Records excerpted from a collection:
▼

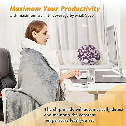 - 🤗🤗 Mia&Coco Electric Throw Blanket got you covered entirely in cold days ▶️ The electric blanket throw is 50″ x 60″. Suitable for use on the couch, sofa, and bed, or to wrap up while watching tv, reading a book, or office.
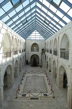 The museum is housed in a historic building within the Armenian Patriarchate compound. The architecture combines traditional Armenian and local Levantine styles, characterized by thick stone walls, vaulted ceilings, and intricate geometric carvings. The layout of the museum is designed to harmonize with the monastic atmosphere of the surrounding St. James Monastery. A new roofing of the inner courtyard was added by French team specialized in museum design, since this opening is often prone to flooding in rainy weather.[6]
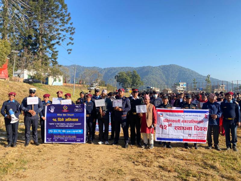 नगरपालिमा स्थापना दिवस, लैङ्गिक हिंसा विरुद्धको १६ दिने अभियान तथा नगरपालिकाको लोगो सार्वजनिकरण कार्यक्रमको केही झलक । मिति २०८२ साल मंसिर २२ गते
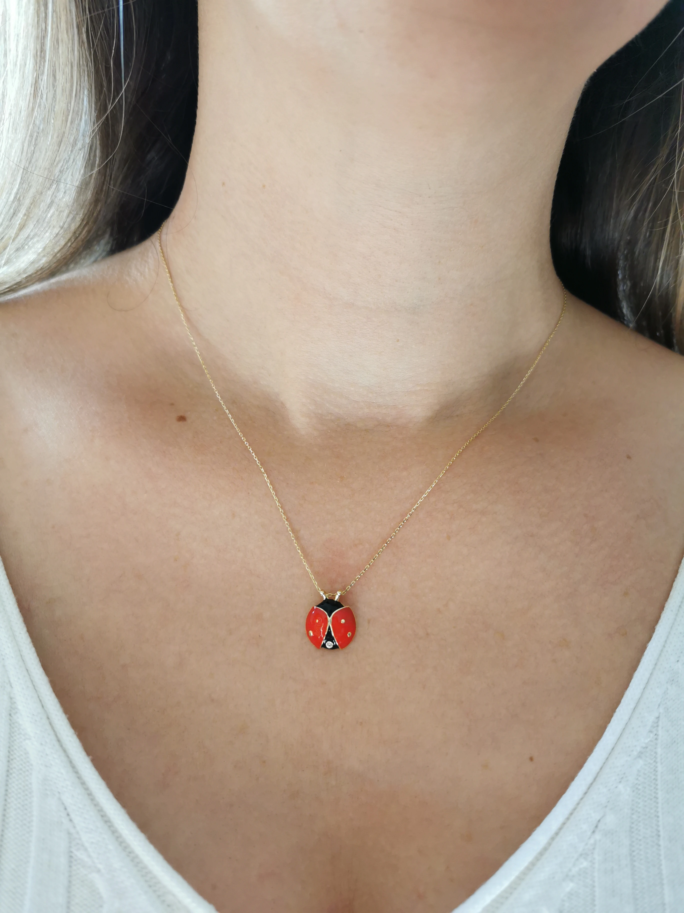 2.40 Gram Ağırlığında Kanatlı Uğur Böceği Tasarımlı Günlük Kullanıma Uygun, Severek Kullanabileceğiniz Sevimli Tasarım 14 Ayar Altın Kolye.
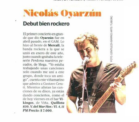 El circuito se llenará de música en vivo con la presentación gratuita de los grupos Fármacos y Prehistóricos en The Barber Club Vikingo (José Victorino Lastarria 202). Por su parte, el reconocido actor Nicolás Oyarzún, lanzará su banda de rock alternativo Mercalí, en el GAM, previa inscripción en www.barrioarte.cl
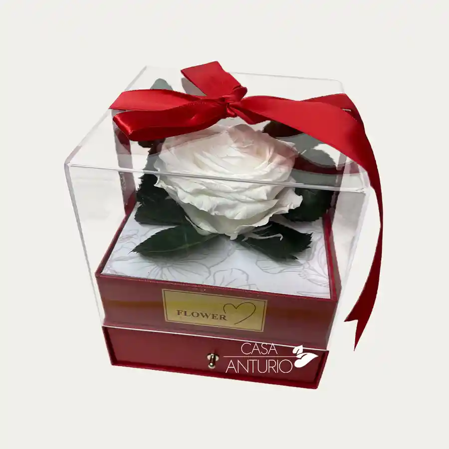 Rosa natural preservada que ha pasado por un proceso especial para conservar su belleza hasta por 5 años. Presentada en un elegante cofre joyero (14 cm x 16 cm), es un regalo sofisticado, elegante y duradero.
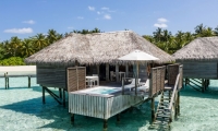 Winner of the “Maldives Leading Water Villa Resort 2016” title, this Rangali Island villa features a private sun terrace – complete with plunge-pool and stairs leading directly into the Indian Ocean and an ocean-facing tub.
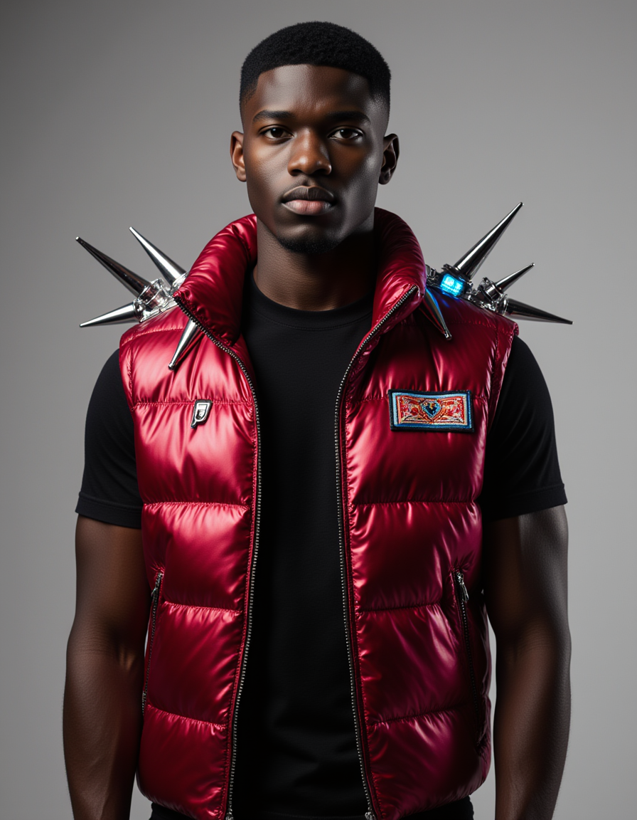 dynamic pose in a metallic crimson vest with oversized shoulder spikes, LED patches flickering across the chest, bold cybernetic eye makeup reflecting magenta neon
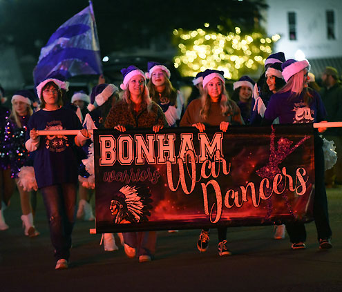 Bonham Chamber Executive Director Sam Lumpkins ensures that parade entries are properly spaced.
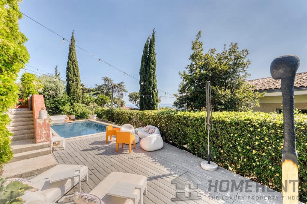 Outside, a private swimming pool with sea view, shaded terraces and a lush garden invite relaxation throughout the seasons.
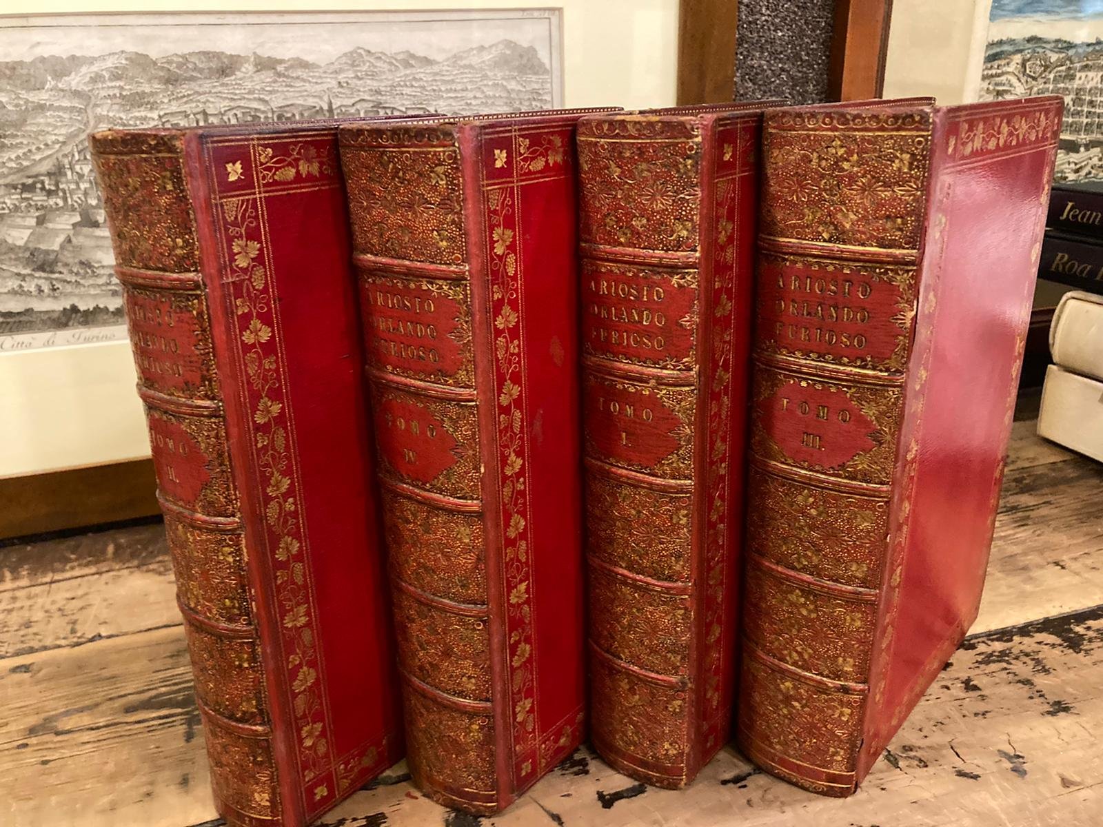 4 volumi in-8° (23.5x15.5 cm), elegante legatura rigida coeva in piena pelle rossa con titoli e fregi fitomorfi al dorso, piatti riquadrati con doppio filetto dorato racchiudenti tralci di vite e pampini e grappoli d'uva, tutti i tagli dorati, contropiatti in carta figurata. Pp (1), XVI, XXXIV, 390 all'antiporta ritratto di Ariosto inciso in rame (Luigi Mazzi); 491, (1); 517, (1); 483, (1). Ex libris inglesi applicati ai contropiatti anteriori. Più che buon esemplare. Pregevole edizione nitidamente stampata arricchita dagli argomenti in forma di ottava di Scipione Ammirato e da note in appendice ad ogni tomo condotta dal Molini sull'edizione del Morali (Milano 1818) il quale attinse direttamente a quella di Ferrara del 1532 . Cfr. Graesse, I, 200; Brunet, I, 439: 'Edition assez precieuse parce qu'elle est la plus complete sous le rapport des choses ajoutees'. Gamba, 64n.: 'Il testo del 1532 si adotto' in fatto principalmente dai diligenti uomini Giuseppe Molini (e Angelo Sicca) per le sue eleganti ristampe del Furioso'.

▲

- _Problem statement_: The answer must be the part of the records that opens with the line containing "Rosa natural preservada" and closes with the line containing "Outside, a private", reproduced exactly, with no pictures.

- _Answer below_:
 Rosa natural preservada que ha pasado por un proceso especial para conservar su belleza hasta por 5 años. Presentada en un elegante cofre joyero (14 cm x 16 cm), es un regalo sofisticado, elegante y duradero.
 Winner of the “Maldives Leading Water Villa Resort 2016” title, this Rangali Island villa features a private sun terrace – complete with plunge-pool and stairs leading directly into the Indian Ocean and an ocean-facing tub.
 dynamic pose in a metallic crimson vest with oversized shoulder spikes, LED patches flickering across the chest, bold cybernetic eye makeup reflecting magenta neon
 Bonham Chamber Executive Director Sam Lumpkins ensures that parade entries are properly spaced.
 Outside, a private swimming pool with sea view, shaded terraces and a lush garden invite relaxation throughout the seasons.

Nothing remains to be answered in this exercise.